Instructions for the task =>
Every line below from the one with "3月29日,在这春光和煦,风" through the one with "Hotjar is a" should be retyped exactly, both ends included; no other lines and no pictures.

Study material =>
BEGIN
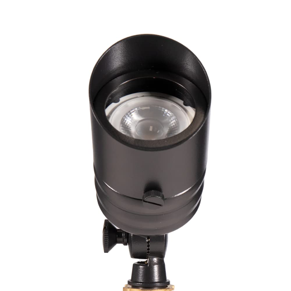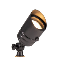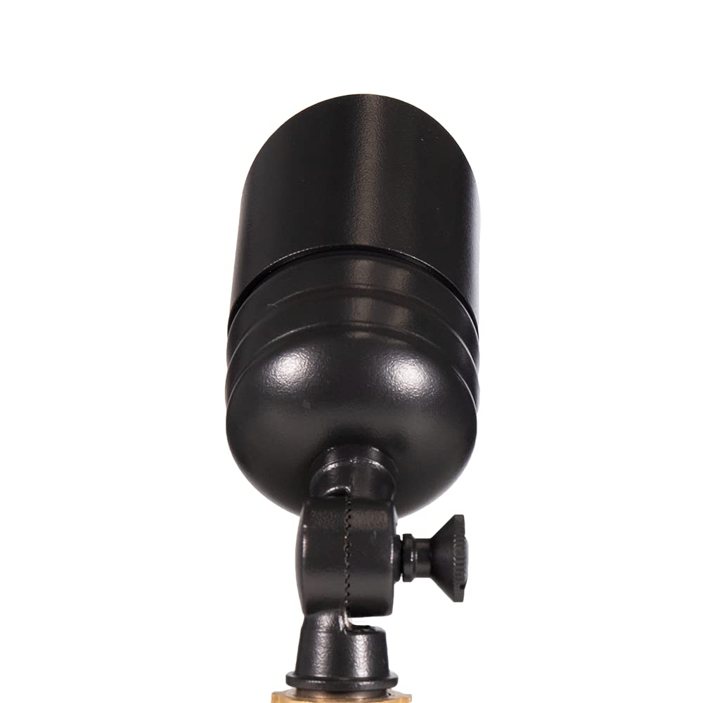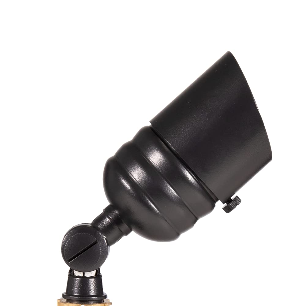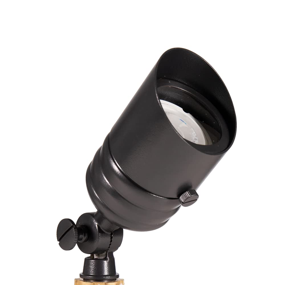 This compact version of our best-selling and most affordable spotlight features a slimmer and shortened body so it can be more easily concealed in your landscape, but still uses an MR16 bulb - so it produces the same light output as the original Fat Boy. Constructed of solid brass with a black powder coat finish for a lifetime of durability. Features a 360-degree rotatable glare guard and adjustable knuckle for precision aiming of light output. The fixture body pressure-fits onto an O-ring for the ultimate moisture tight design. The ceramic high-temperature socket is pre-greased for smooth operation, moisture protection and longevity. A silicone plug where the 4-foot lead wires exit the fixture prevents ground moisture from entering. The raised glass lens is designed for water shedding and drainage. The included 5W MR16 38-degree LED bulb produces 400 lumens of 2700K (warm white) light. Our patented 10-inch heavy-duty PVC Hammer Stake is also included for easy installation and mounting stability. UL & cUL Listed and backed by our lifetime warranty.
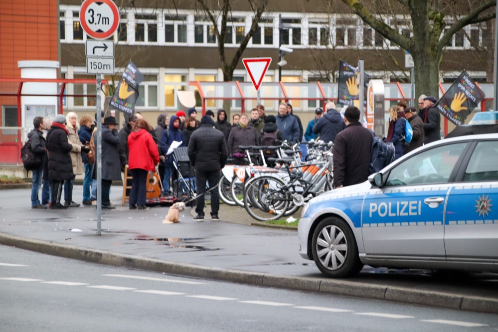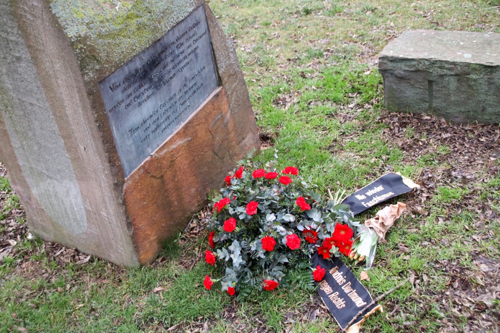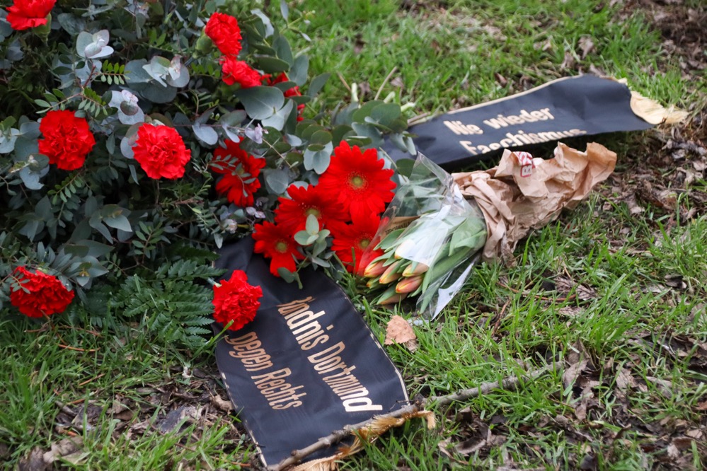 Hier lud unter anderem das Bündnis Dortmund gegen Rechts (BDgR) zu einer Gedenkkundgebung am ehemaligen Ostbahnhof ein. Von hier aus wurden 1943 150 Sinti und Roma nach Auschwitz deportiert. Für sie kam die Befreiung zu spät – heute erinnert ein Gedenkstein an der Weißenburger Straße Ecke Gronaustraße an sie.
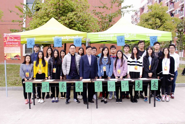 3月29日,在这春光和煦,风和日丽的日子里,会计系迎党务助理团(以下简称党务团)迎来了会计系第三届党章知识竞赛的摆摊宣传活动。在党务团指导老师何泽航的统筹安排下,党务团全体成员同心协力,以最高昂的工作激情、最勤恳的工作态度以及最饱满的热情为即将举行的党章知识竞赛开展宣传工作。
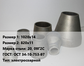 Переход стальной 1020х14х820х11 Марка: 20, 09Г2С ГОСТ: ОСТ 34-10-753-97 электросварной, шт, по запросу цена от 78 259 Р / шт, где купить, условия доставки в Гродно и Гродненской области
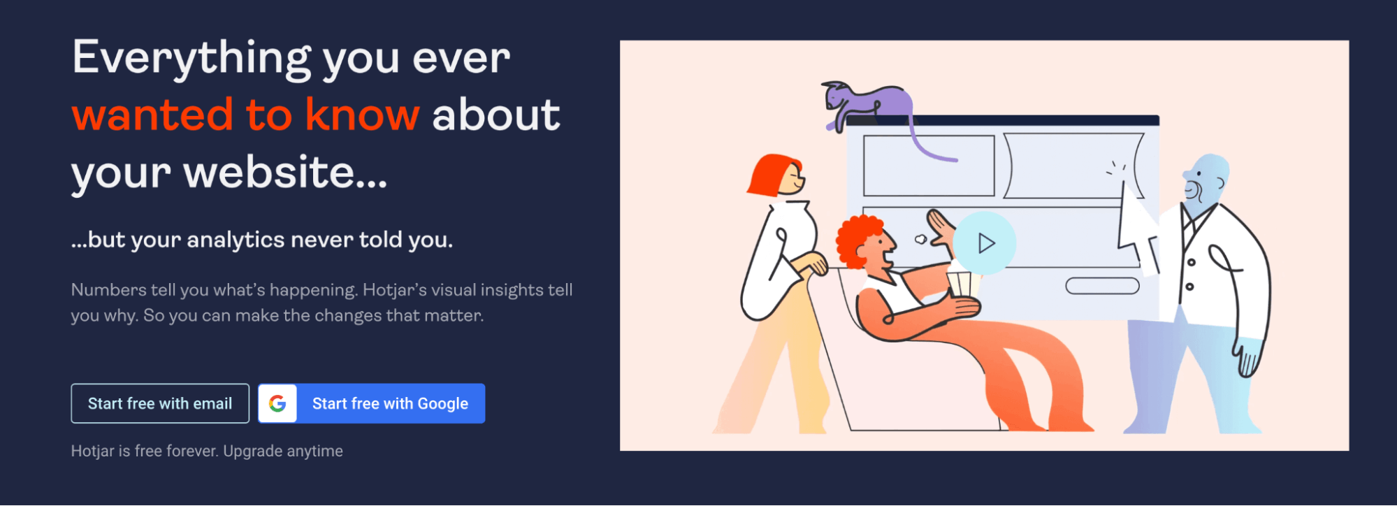 Hotjar is a platform that uses behavioral analytics and customer feedback data to provide user experience insights to its clients. Specifically, it enables website owners to deliver more value and make faster product improvements by leveraging empathy for end users.
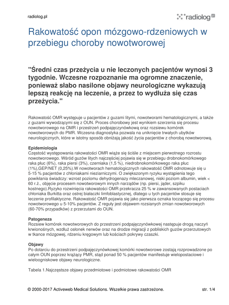 radiolog.pl Rakowatość opon mózgowo-rdzeniowych w przebiegu choroby nowotworowej "Średni czas przeżycia u nie leczonych pacjentów wynosi 3 tygodnie. Wczesne rozpoznanie ma ogromne znaczenie, ponieważ słabo nasilone objawy neurologiczne wykazują lepszą reakcję na leczenie, a przez to wydłuża się czas przeżycia." Rakowatość OMR występuje u pacjentów z guzami litymi, nowotworami hematologicznymi, a także z guzami wywodzącymi się z OUN. Proces chorobowy jest wynikiem szerzenia się procesu nowotworowego na OMR i przestrzeń podpajęczynówkową oraz rozsiewu komórek nowotworowych do PMR. Wczesna diagnostyka pozwala na uniknięcie trwałych ubytków neurologicznych, które w istotny sposób obniżają jakość życia pacjentów z chorobą nowotworową. Epidemiologia Częstość występowania rakowatości OMR wiąże się ściśle z miejscem pierwotnego rozrostu nowotworowego. Wśród guzów litych najczęściej pojawia się w przebiegu drobnokomórkowego raka płuc (6%), raka piersi (3%), czerniaka (1,5 %), niedrobnokomórkowego raka płuc (1%),GEP/NET (0,25%).W nowotworach hematologicznych rakowatość OMR odnotowuje się u 5-15 % pacjentów z chłoniakami nieziarniczymi. O zwiększonym ryzyku wystąpienia tego powikłania świadczy: wzrost poziomu dehydrogenazy mleczanowej, niski poziom albumin, wiek < 60 r.ż., objęcie procesem nowotworowym innych narządów (np. piersi, jąder, szpiku kostnego).Ryzyko rozwinięcia rakowatości OMR przekracza 25 % w zawansowanych postaciach chłoniaka Burkitta oraz ostrej białaczki limfoblastycznej, dlatego u tych pacjentów stosuje się leczenie profilaktyczne. Rakowatość OMR pojawia się jako pierwsza oznaka toczącego się procesu nowotworowego u 5-10% pacjentów. Z reguły jest objawem rozsianych zmian nowotworowych (60-70% przypadków) z przerzutami do OUN. Patogeneza Rozsiew komórek nowotworowych do przestrzeni podpajęczynówkowej następuje drogą naczyń krwionośnych, wzdłuż osłonek nerwów oraz na drodze migracji z pobliskich guzów przerzutowych w tkance mózgowej, rdzeniu kręgowym lub kościach pokrywy czaszki. Objawy Po dotarciu do przestrzeni podpajęczynówkowej komórki nowotworowe zostają rozprowadzone po całym OUN poprzez krążący PMR, stąd ponad 50 % pacjentów manifestuje wielopostaciowe i wieloogniskowe objawy neurologiczne. Tabela 1.Najczęstsze objawy przedmiotowe i podmiotowe rakowatości OMR © 2000-2017 Activeweb Medical Solutions. Wszelkie prawa zastrzeżone. str. 1/4 radiolog.pl Diagnostyka "Zmiany w cytologii PMR występujące w rakowatości OMR to: pleocytoza ok. 63% pacjentów z guzami litymi i 57% z nowotworami hematologicznymi, podniesiony poziom białka 50 mg/dl, obniżony poziom glukozy tj. poniżej 60 mg/dl. Niekiedy przydatne bywa oznaczenie markerów nowotworowych - CEA, ludzka gonadotropina kosmówkowa, alfafetoproteina, dehydrogenaza mleczanowa" Badanie MRI w diagnostyce rakowatości OMR powinno obejmować zarówno mózg, jak i rdzeń kręgowy. Wzmocnienie OMR może mieć charakter zlokalizowany lub rozlany. W obrazie rdzenia kręgowego wzmocnione węzły chłonne w przestrzeni podpajęczynówkowej są dość częstym znaleziskiem, zwłaszcza w obszarze ogona końskiego. Badanie MRI pozwala na rozpoznanie rakowatości OMR u 59 % pacjentów, choć powyższe objawy są niespecyficzne i powinny być rozpatrywane z uwzględnieniem obrazu klinicznego. Zaburzenia przepływu PMR występują w 31-61% przypadków rakowatości OMR. Oceny można dokonać poprzez dokomorowe lub dolędźwiowe podanie DTPA znakowanego Jodem-111 lub Technetem-99. Metoda ta nie jest jednak powszechnie stosowana w większości ośrodków © 2000-2017 Activeweb Medical Solutions. Wszelkie prawa zastrzeżone. str. 2/4 radiolog.pl leczniczych. U każdego pacjenta z podejrzeniem rakowatości OMR w przebiegu choroby nowotworowej powinno zostać wykonane nakłucie lędźwiowe. Komórki nowotworowe są bowiem wykrywane w 70-89% przypadków. U 50 % pacjentów istnieje konieczność ponownego wykonania nakłucia lędźwiowego, gdyż obecność komórek nowotworowych jest ściśle zależna od przepływu PMR. Powtórne pobranie PMR zwiększa prawdopodobieństwo wykrycia krążących komórek nowotworowych o 25 %. Zmiany w cytologii PMR występujące w rakowatości OMR to: pleocytoza (ok. 63% pacjentów z guzami litymi i 57% z nowotworami hematologicznymi), podniesiony poziom białka (50 mg/dl), obniżony poziom glukozy (Biopsja OMR jest rzadkim sposobem potwierdzenia diagnozy u pacjentów z podejrzeniem rakowatości OMR i zmianami w MRI, ale bez odchyleń w badaniu PMR. U 25 % pacjentów z potwierdzoną chorobą nowotworową rozpoznanie stawiane jest wyłącznie na podstawie obrazu klinicznego. Rokowanie i terapia Celem terapii rakowatości OMR jest wydłużenie przeżycia i stabilizacja lub poprawa objawów neurologicznych. Średni czas przeżycia u nie leczonych pacjentów wynosi 3 tygodnie. Wczesne rozpoznanie ma ogromne znaczenie, ponieważ słabo nasilone objawy neurologiczne wykazują lepszą reakcję na leczenie, a przez to wydłuża się czas przeżycia. Tabela 2.Czynniki prognostyczne w rakowatości OMR. Najczęstszymi przyczynami zgonów wśród pacjentów z rakowatością OMR jest progresja pierwotnej choroby nowotworowej (10-64 %), progresja choroby w OUN (15-82 %), toksyczność leczenia (ok. 9 %), choroby towarzyszące (0-29 %). Drenaż komorowo-otrzewnowy PMR jest efektywnym sposobem paliatywnego leczenia wodogłowia w przebiegu rakowatości OMR. Wytworzenie zbiornika Ommaya ułatwia dokomorowe podawanie chemioterapii i pobieranie PMR do badań cytologicznych. Powikłania występują u 17% pacjentów, najczęściej są to zakażenia zbiornika, nieprawidłowa implantacja końcówki cewnika lub wada samego zbiornika. Radioterapia w polu, choć nie prowadzi do wydłużenia przeżycia, jest terapią z wyboru u pacjentów z blokiem odpływu PMR (skuteczność 50% w mózgowym bloku odpływu, 35% w rdzeniowym bloku 
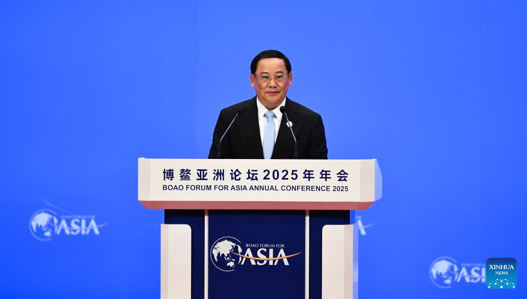 Lao Prime Minister Sonexay Siphandone speaks at the opening ceremony of the Boao Forum for Asia (BFA) Annual Conference 2025 in Boao, south China's Hainan Province, March 27, 2025. (Xinhua/Yang Guanyu)
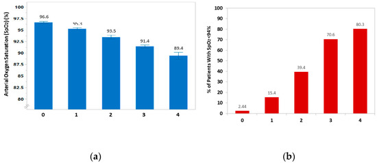 (a) Arterial oxygen saturation (SpO2) according to the number of risk factors (age ≥ 50 years, BMI ≥ 27.4 kg/m2, lymphocyte count <1400 cells/μL, and CRP ≥ 4.0 mg/dL) in each patient at the time of hospitalization with COVID-19. (b) The proportion of patients with SpO2 < 94% according to the number of these risk factors.
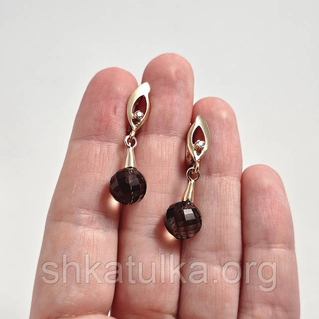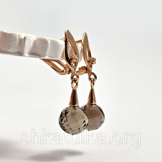 | Сережки золоті з раухтопазом і фіанітами білого кольору | Сережки золоті з раухтопазом і фіанітами білого кольору |
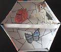 Michaela has always had a passion for art . It is a way of expressing herself . This particular piece Symbolizes the 3 things close to her and passionate about. The love for animals. Having that passion for caring and nurturing comes natural for her . As a little girl we would often visit butterfly gardens . The butterflies would always grab Michaela’s attention . She would attract them in a way as if she could communicate with them . Quite amazing !!!
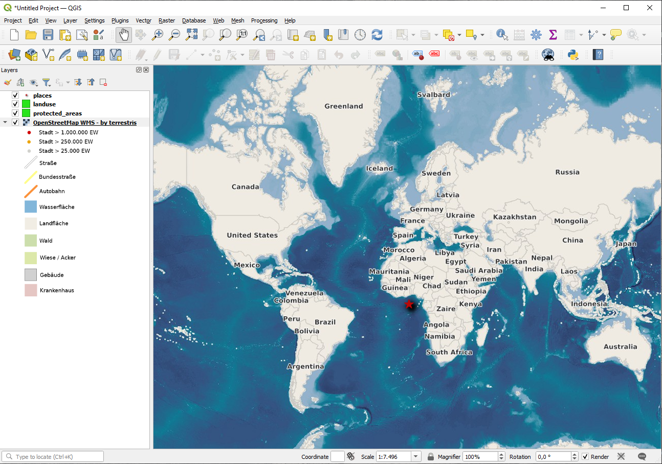 После того как вы добавили неактивную карту в качестве фона, вы будете рады узнать, что вы также можете добавлять объекты (например, другие векторные слои, которые вы добавляли ранее). Добавление объектов с удаленных серверов возможно с помощью веб-сервисов объектов (WFS). Это тема следующего урока.
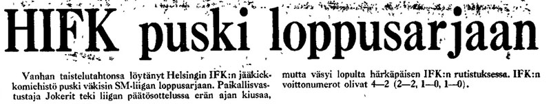 | 11.3.1976 | Jokerit | HIFK | 2-4 | 8634 |
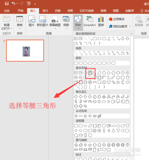 在选择插入菜单中的外形号令,在外形中选择等腰三角形外形,然后在幻灯片上绘制一个大小合适的等腰三角形出来。
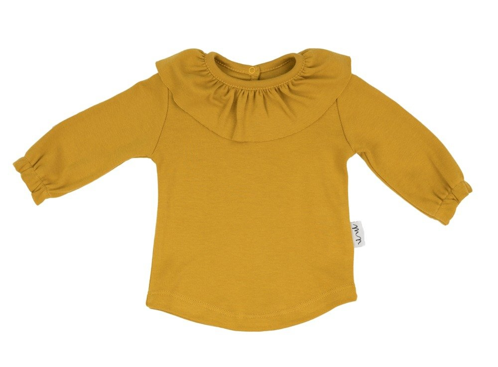 Musztardowa bluzeczka z długim rękawem, wykończona falbanką pod szyją, rękawy zakończone ściągaczem. Ubranko posiada praktyczne napy na plecach ułatwiające ubieranie. Uszyte ze 100% bawełny organicznej, posiadającej certyfikat Oeko-Tex Standard 100 Tekstylia godne zaufania.
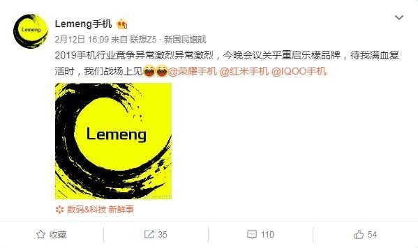 事情缘由是一个名为“Lemeng手机”的微博账号,该账户虽然没有微博认证,但是其发布的第一条微博内容就让人十分震惊:“2019手机行业竞争异常激烈,今晚会议关乎重启乐檬品牌,待我满血复活时,我们战场上见。同时还@了荣耀、红米和IQOO手机。”
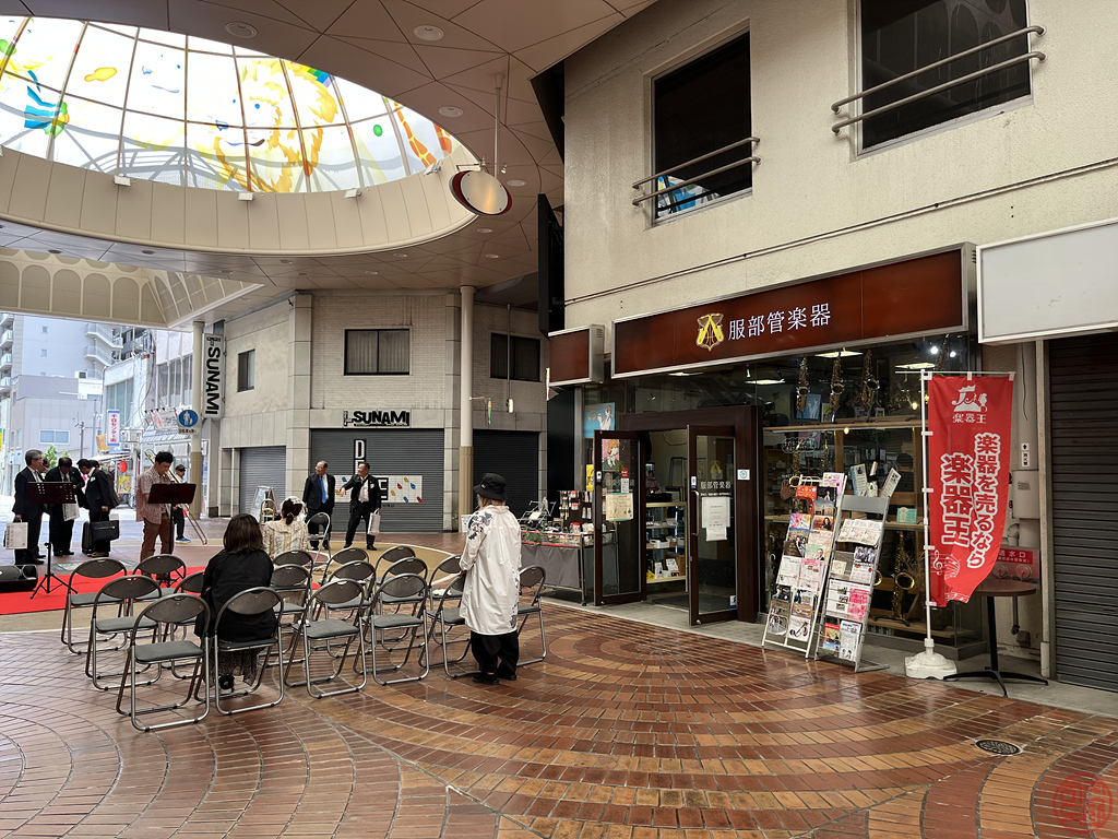 관악기 샵 앞에는 주말이라고 작은 연주회도 있을 예정인가보다. 출연진들인 듯한 이들이 연습하고 있었다.
END
Response to the task =>
 3月29日,在这春光和煦,风和日丽的日子里,会计系迎党务助理团(以下简称党务团)迎来了会计系第三届党章知识竞赛的摆摊宣传活动。在党务团指导老师何泽航的统筹安排下,党务团全体成员同心协力,以最高昂的工作激情、最勤恳的工作态度以及最饱满的热情为即将举行的党章知识竞赛开展宣传工作。
 Переход стальной 1020х14х820х11 Марка: 20, 09Г2С ГОСТ: ОСТ 34-10-753-97 электросварной, шт, по запросу цена от 78 259 Р / шт, где купить, условия доставки в Гродно и Гродненской области
 Hotjar is a platform that uses behavioral analytics and customer feedback data to provide user experience insights to its clients. Specifically, it enables website owners to deliver more value and make faster product improvements by leveraging empathy for end users.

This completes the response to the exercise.